──────── EXERCISE DATA ────────
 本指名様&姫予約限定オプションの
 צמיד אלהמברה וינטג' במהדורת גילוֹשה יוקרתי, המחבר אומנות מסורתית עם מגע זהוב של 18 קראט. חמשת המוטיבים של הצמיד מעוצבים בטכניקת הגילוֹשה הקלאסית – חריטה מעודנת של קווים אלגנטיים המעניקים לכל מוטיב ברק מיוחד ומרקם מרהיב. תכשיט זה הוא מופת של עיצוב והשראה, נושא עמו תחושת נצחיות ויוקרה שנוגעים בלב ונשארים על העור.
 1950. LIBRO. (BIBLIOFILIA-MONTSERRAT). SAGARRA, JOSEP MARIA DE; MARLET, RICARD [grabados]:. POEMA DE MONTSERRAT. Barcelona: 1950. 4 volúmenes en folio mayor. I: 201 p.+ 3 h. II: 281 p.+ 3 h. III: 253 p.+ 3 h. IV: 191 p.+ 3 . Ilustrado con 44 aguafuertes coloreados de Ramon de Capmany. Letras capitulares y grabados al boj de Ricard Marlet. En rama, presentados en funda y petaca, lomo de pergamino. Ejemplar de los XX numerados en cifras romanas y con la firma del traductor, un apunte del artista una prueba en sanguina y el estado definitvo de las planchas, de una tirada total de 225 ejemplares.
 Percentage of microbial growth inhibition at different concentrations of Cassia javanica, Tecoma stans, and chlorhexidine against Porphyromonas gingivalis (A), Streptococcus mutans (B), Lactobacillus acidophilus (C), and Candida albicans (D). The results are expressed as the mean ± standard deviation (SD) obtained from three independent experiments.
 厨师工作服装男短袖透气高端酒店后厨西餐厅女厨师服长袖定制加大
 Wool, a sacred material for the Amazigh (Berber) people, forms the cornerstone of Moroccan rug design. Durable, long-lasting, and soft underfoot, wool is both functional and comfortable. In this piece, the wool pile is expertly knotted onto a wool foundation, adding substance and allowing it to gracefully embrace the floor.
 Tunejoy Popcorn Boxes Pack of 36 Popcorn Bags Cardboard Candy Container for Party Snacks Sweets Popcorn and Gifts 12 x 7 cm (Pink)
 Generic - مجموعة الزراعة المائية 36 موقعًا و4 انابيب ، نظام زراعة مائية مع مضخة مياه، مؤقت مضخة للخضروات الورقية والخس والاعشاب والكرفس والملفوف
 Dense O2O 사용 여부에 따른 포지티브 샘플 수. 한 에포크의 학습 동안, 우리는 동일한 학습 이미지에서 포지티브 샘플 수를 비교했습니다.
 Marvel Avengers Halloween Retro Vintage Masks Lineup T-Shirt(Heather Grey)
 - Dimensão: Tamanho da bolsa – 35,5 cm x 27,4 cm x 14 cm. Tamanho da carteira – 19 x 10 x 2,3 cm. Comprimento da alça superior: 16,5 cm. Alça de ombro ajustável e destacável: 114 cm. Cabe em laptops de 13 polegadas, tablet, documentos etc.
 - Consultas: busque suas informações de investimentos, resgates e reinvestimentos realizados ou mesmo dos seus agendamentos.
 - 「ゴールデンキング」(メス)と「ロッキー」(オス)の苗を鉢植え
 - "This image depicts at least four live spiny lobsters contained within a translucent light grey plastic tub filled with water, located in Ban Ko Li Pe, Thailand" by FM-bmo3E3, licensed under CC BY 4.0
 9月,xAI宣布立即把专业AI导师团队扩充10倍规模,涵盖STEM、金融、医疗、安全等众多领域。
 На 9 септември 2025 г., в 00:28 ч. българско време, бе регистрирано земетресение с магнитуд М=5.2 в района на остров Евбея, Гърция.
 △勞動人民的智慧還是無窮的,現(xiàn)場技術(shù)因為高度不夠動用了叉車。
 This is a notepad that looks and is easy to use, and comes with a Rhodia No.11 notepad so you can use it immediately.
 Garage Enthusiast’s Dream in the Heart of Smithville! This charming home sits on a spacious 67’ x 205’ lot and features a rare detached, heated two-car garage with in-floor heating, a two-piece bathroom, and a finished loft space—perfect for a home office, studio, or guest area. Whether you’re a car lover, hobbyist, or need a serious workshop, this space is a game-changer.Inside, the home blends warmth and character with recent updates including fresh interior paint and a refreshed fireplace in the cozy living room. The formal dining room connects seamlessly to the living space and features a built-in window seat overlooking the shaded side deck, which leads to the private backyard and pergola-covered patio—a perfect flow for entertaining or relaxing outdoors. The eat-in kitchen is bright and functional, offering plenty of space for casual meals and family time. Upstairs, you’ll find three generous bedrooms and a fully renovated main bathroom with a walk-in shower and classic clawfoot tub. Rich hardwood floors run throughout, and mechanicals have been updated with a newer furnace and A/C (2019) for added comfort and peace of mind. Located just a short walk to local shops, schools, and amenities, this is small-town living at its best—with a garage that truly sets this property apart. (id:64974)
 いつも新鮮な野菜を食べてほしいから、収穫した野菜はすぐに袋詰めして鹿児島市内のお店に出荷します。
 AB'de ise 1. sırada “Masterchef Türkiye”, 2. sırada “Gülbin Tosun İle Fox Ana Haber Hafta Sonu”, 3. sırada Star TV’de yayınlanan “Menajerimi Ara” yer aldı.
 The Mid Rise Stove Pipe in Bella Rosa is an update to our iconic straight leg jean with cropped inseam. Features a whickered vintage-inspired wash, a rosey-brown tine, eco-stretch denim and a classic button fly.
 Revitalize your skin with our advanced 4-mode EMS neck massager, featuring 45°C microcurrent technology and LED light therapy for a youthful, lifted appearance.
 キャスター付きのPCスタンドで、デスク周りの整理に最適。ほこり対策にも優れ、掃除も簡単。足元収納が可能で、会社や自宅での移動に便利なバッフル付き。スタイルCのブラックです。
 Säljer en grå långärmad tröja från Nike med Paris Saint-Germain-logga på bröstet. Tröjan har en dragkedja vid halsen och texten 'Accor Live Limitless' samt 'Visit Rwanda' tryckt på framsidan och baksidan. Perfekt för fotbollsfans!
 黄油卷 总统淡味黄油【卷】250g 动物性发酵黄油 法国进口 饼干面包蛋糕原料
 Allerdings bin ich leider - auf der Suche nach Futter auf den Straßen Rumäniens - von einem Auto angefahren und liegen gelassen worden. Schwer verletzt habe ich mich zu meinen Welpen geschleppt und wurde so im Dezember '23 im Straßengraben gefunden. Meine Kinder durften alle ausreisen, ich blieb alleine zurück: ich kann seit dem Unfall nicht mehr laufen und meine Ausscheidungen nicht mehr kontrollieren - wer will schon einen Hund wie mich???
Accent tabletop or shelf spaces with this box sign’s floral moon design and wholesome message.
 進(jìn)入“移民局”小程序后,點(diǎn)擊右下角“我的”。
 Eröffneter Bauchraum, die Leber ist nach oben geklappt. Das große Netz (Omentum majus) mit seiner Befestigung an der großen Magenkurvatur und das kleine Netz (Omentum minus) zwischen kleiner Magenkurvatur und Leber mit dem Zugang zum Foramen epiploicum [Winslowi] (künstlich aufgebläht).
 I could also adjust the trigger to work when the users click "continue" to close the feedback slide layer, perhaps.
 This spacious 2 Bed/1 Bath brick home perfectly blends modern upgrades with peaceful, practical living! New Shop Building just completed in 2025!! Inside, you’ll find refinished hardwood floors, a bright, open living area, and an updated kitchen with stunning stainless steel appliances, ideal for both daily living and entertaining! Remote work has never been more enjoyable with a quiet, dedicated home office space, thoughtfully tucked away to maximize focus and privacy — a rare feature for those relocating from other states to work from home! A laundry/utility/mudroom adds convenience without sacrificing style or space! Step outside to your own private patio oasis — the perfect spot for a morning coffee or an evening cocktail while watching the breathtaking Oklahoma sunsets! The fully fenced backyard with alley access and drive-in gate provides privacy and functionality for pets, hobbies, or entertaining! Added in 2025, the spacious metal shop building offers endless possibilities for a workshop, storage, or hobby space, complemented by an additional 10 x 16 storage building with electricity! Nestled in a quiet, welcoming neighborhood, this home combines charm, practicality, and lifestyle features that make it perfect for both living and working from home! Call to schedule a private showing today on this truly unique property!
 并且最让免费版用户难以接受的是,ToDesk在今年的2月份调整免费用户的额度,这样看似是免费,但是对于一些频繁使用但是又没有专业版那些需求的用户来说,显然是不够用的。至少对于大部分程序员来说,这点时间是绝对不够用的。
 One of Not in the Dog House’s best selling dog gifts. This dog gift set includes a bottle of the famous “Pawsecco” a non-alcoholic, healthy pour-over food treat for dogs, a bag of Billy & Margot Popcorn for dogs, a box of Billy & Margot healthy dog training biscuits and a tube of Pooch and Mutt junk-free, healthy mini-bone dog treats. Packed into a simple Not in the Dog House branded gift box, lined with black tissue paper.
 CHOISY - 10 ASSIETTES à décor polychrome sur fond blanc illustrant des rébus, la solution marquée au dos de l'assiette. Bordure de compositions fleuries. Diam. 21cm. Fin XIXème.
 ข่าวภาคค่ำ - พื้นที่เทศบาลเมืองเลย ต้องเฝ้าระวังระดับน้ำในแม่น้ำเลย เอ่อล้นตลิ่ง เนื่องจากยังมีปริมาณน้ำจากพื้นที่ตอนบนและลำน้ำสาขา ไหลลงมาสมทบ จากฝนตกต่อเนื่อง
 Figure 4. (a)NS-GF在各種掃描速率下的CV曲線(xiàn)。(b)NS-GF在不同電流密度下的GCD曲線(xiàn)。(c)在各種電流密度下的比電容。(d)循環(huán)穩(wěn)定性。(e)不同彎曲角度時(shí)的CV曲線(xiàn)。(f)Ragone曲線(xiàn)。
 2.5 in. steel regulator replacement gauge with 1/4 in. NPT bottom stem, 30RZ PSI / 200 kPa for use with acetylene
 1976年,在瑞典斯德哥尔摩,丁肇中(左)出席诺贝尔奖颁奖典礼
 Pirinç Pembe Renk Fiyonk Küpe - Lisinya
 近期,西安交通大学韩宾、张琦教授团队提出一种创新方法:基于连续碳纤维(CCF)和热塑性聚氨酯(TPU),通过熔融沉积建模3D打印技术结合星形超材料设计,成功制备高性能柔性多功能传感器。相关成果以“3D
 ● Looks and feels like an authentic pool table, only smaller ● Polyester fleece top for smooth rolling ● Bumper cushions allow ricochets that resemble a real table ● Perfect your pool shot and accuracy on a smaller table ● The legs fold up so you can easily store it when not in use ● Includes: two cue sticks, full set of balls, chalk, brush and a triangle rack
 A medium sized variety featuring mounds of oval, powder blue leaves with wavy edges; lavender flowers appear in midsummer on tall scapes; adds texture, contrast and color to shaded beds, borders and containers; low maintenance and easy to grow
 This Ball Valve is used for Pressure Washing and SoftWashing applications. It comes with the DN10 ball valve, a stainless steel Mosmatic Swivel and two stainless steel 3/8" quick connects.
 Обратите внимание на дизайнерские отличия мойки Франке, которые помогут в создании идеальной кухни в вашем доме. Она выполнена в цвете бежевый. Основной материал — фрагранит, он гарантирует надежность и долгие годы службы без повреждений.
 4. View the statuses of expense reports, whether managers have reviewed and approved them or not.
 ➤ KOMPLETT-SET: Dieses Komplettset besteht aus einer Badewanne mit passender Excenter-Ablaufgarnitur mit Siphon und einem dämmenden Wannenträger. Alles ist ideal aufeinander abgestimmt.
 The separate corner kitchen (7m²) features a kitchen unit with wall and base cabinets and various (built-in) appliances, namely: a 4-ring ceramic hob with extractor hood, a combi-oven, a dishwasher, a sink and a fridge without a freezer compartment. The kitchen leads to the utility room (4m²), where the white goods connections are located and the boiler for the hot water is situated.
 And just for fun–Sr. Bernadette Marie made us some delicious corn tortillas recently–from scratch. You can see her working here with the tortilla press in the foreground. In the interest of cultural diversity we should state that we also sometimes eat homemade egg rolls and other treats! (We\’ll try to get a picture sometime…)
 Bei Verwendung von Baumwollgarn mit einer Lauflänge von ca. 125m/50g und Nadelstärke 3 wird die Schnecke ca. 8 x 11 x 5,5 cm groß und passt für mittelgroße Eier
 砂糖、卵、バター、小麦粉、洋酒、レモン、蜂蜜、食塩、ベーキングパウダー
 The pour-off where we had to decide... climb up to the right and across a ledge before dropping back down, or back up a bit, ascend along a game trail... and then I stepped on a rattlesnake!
────────
### WHAT YOU WILL DO
Using the listing, count the lines holding the word "xiàn" and write down that number alone.

### WRITTEN ANSWER
2